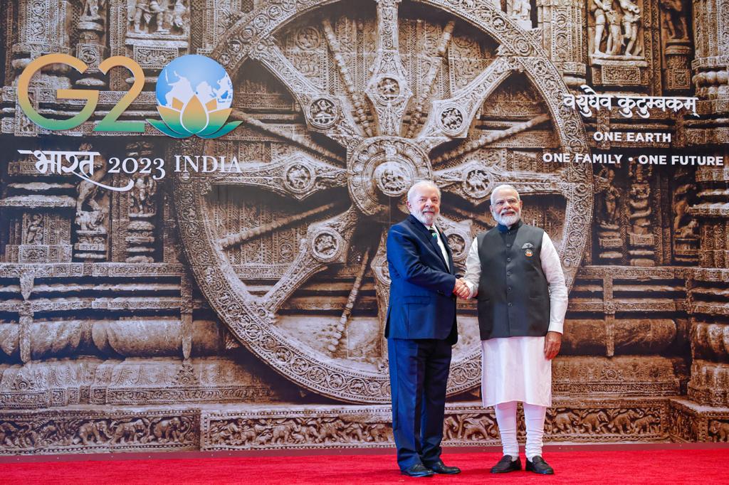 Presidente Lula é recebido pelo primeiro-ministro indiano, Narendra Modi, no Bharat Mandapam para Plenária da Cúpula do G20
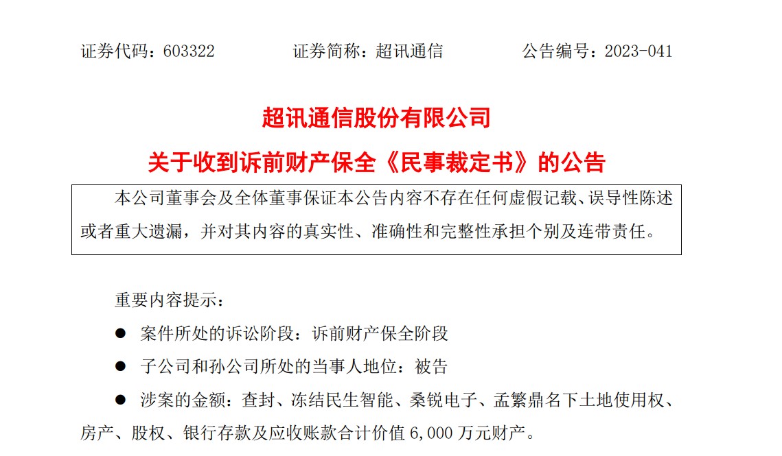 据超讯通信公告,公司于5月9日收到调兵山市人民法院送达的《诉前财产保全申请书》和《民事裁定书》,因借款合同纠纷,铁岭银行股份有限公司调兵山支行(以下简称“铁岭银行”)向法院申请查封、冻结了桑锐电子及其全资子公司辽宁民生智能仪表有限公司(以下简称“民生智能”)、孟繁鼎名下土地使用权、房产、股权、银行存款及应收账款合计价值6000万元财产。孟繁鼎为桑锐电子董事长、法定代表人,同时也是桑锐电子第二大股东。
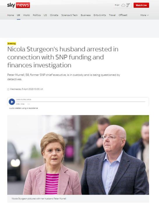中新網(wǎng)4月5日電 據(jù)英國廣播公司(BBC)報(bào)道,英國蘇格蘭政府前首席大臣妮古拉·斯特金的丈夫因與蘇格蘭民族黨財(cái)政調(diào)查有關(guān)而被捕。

...

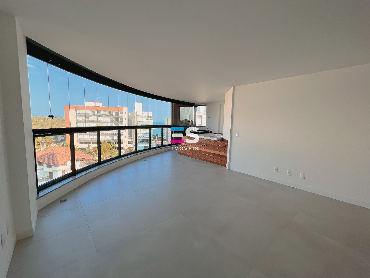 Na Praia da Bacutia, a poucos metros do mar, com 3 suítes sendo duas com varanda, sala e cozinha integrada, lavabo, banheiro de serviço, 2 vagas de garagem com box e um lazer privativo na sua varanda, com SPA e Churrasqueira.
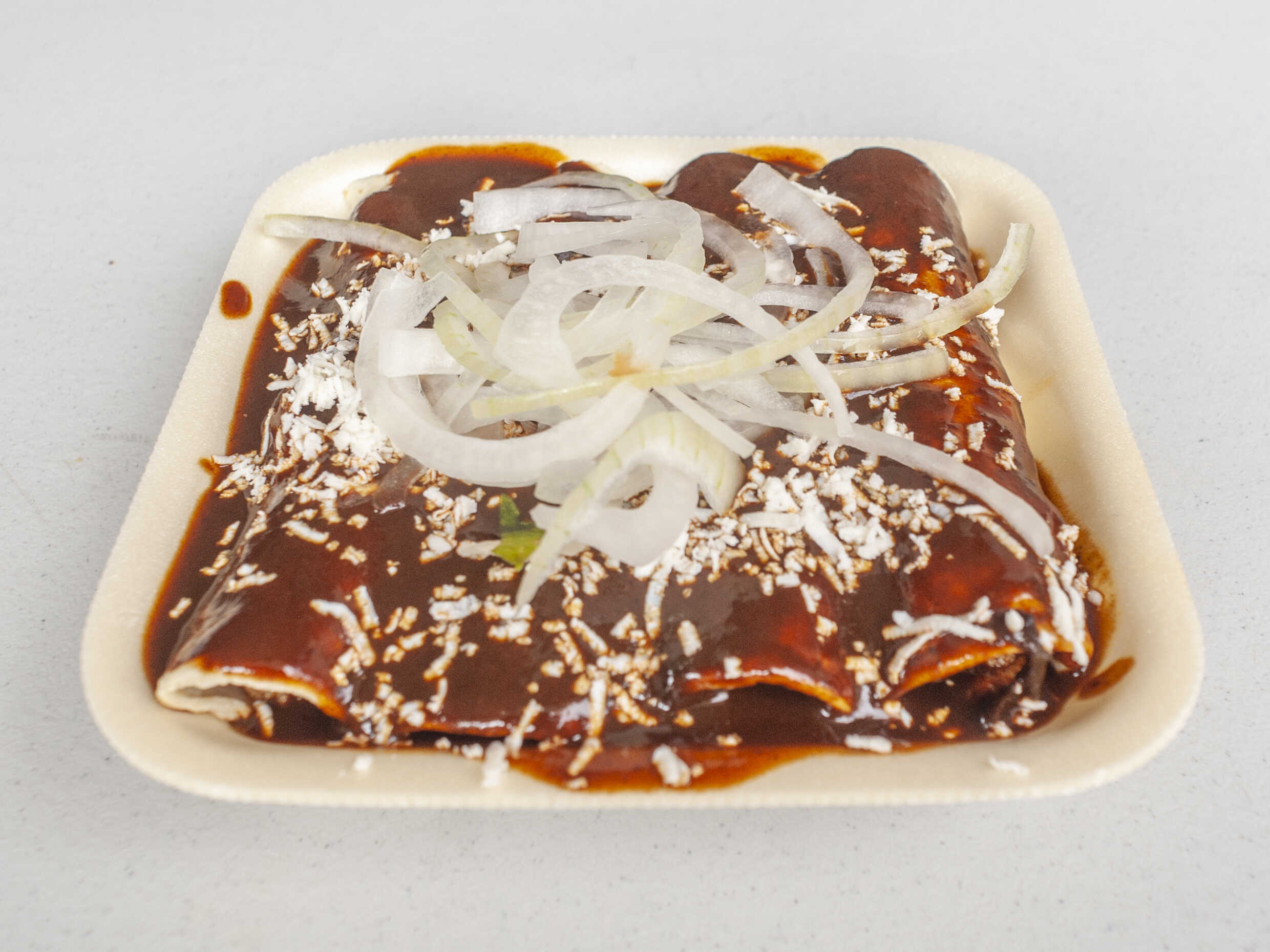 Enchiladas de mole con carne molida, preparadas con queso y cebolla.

■ Assignment ■
Return the lines above from the one with "Na Praia da" through the one with "Enchiladas de mole", verbatim and nothing else. Omit every picture.

■ Task response ■
 Na Praia da Bacutia, a poucos metros do mar, com 3 suítes sendo duas com varanda, sala e cozinha integrada, lavabo, banheiro de serviço, 2 vagas de garagem com box e um lazer privativo na sua varanda, com SPA e Churrasqueira.
 Enchiladas de mole con carne molida, preparadas con queso y cebolla.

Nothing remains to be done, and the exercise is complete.